Chemical insecticides are still considered an important strategy for controlling insect pests in agroecosystems, but their frequent use poses a threat of selection pressure and causes resistance problems in insect pests17,42. The insecticide selection pressure is often associated with the use of lethal concentrations that possibly eliminate susceptible individuals30. However, insect pests are often exposed to varying levels of sublethal insecticide doses in fields as the insecticide concentration gradually declines due to rainwater leaching and degradation in the field43,44. Therefore, understanding the sublethal effects of an insecticide on the biological traits of its target pest is critical for the rational use of insecticides and for developing effective IPM programs31,45. As CPF is a widely used insecticide against S. litura, it is important to study the sublethal effects of this insecticide on S. litura.

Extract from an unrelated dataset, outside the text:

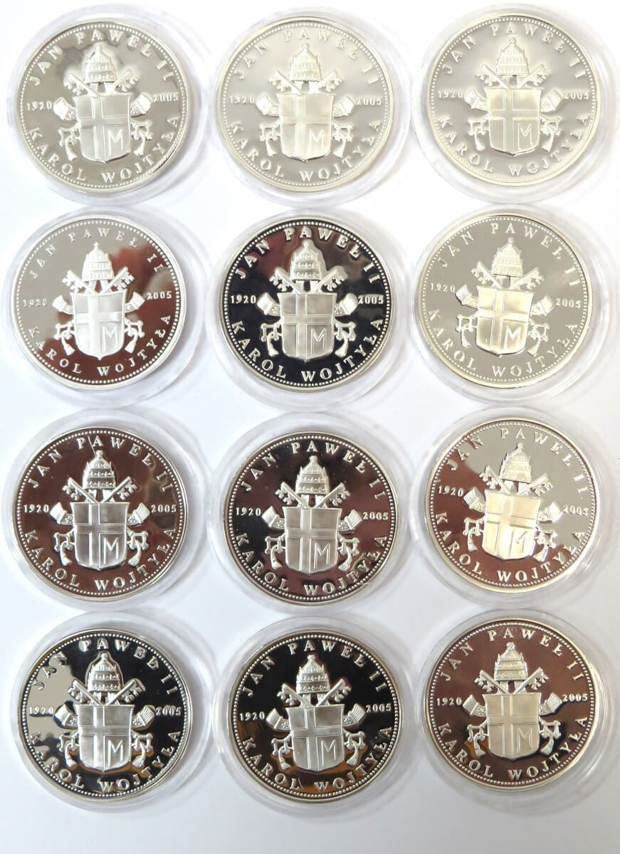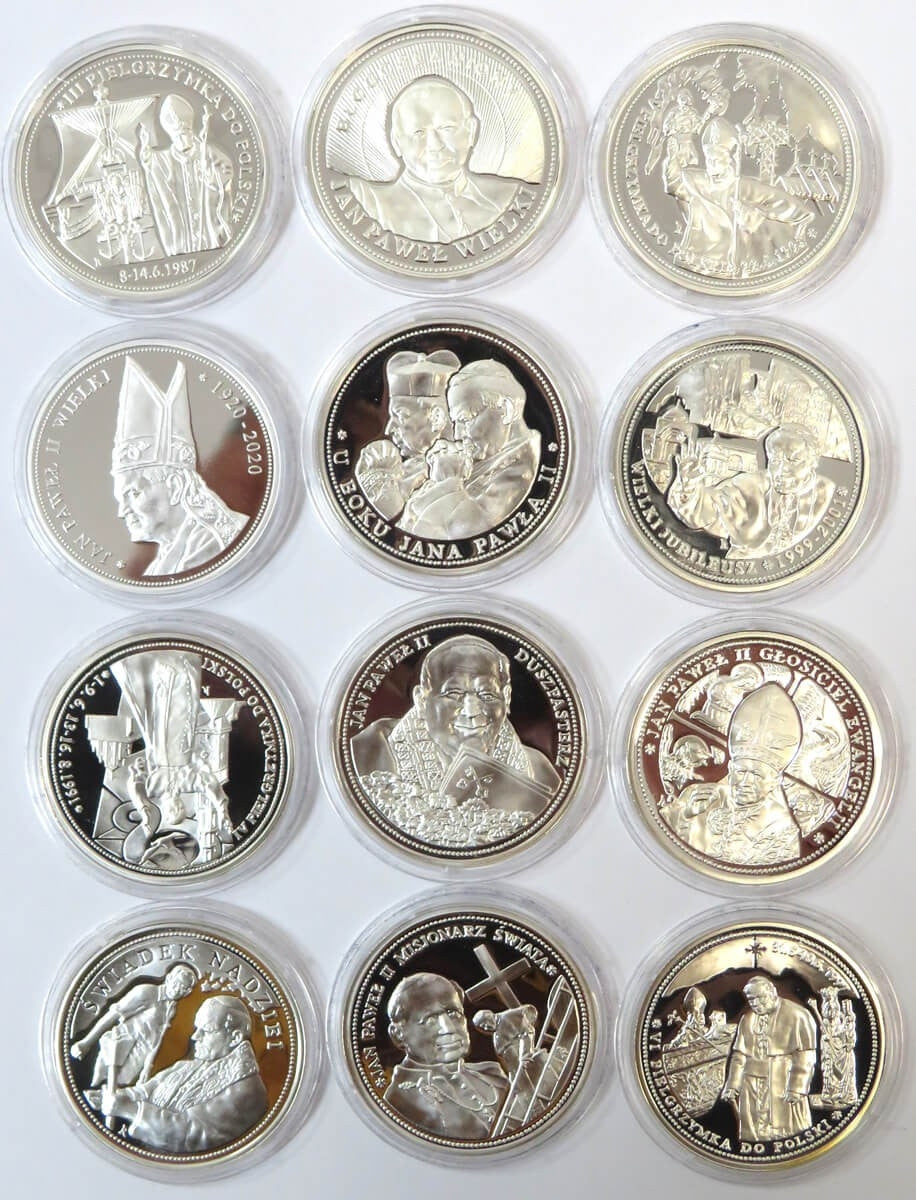 Zestaw 12 medali z Janem Pawłem 2, srebro + kaseta + certyfikaty

The results indicated that the selection pressure of CPF induced a low level of resistance in S. litura from the F1 to F8 generations. An increase in the LC50 of CPF from 94.04 µg/mL in F1 to 232 µg/mL in the CPF-Sel (F8) population indicated 2.81-fold increase in resistance ratio compared to the Unsel-Lab (F8) population. A low-level resistance was also reported by Zhang et al.10 where the resistant ratio of S. litura larvae to CPF was increased to 3.47-fold over the susceptible strain after being treated for 12 generations. Besides lepidopterans, insecticide-induced low level of resisitance has also been documented in insect pests belonging to different orders. For instance, resistance of Aphis gossypii (Glover) (Hemiptera: Aphididae) to imidacloprid displayed a slow increase with a resistance ratio of 4.81-fold for selection pressure upto 9 generations46. Similarly, in yellow fever Mosquito, Aedes aegypti (Linnaeus) (Diptera: Culicidae), continued selections for 40 generations caused only a 3.80-fold increase in tolerance to deltamethrin47. Furthermore, Liriomyza sativae (Blanchard) showed a moderate level of resistance to CPF, with a resistance ratio of 40.34-fold after 23 generations of continuous laboratory selection compared to an unselected population48. In contrast, P. solenopsis exhibited a higher level of resistance, with a resistance ratio of 539.76-fold after 9 generations of continuous laboratory selection49. This suggests that the resistance levels associated with the selection process under laboratory conditions can be low, moderate, or high depending on a variety of factors such as the number of generations involved in the selection process, previous history of exposure to insecticides, selection techniques, and geographic origins of populations and presence of susceptible and resistant genes15,50.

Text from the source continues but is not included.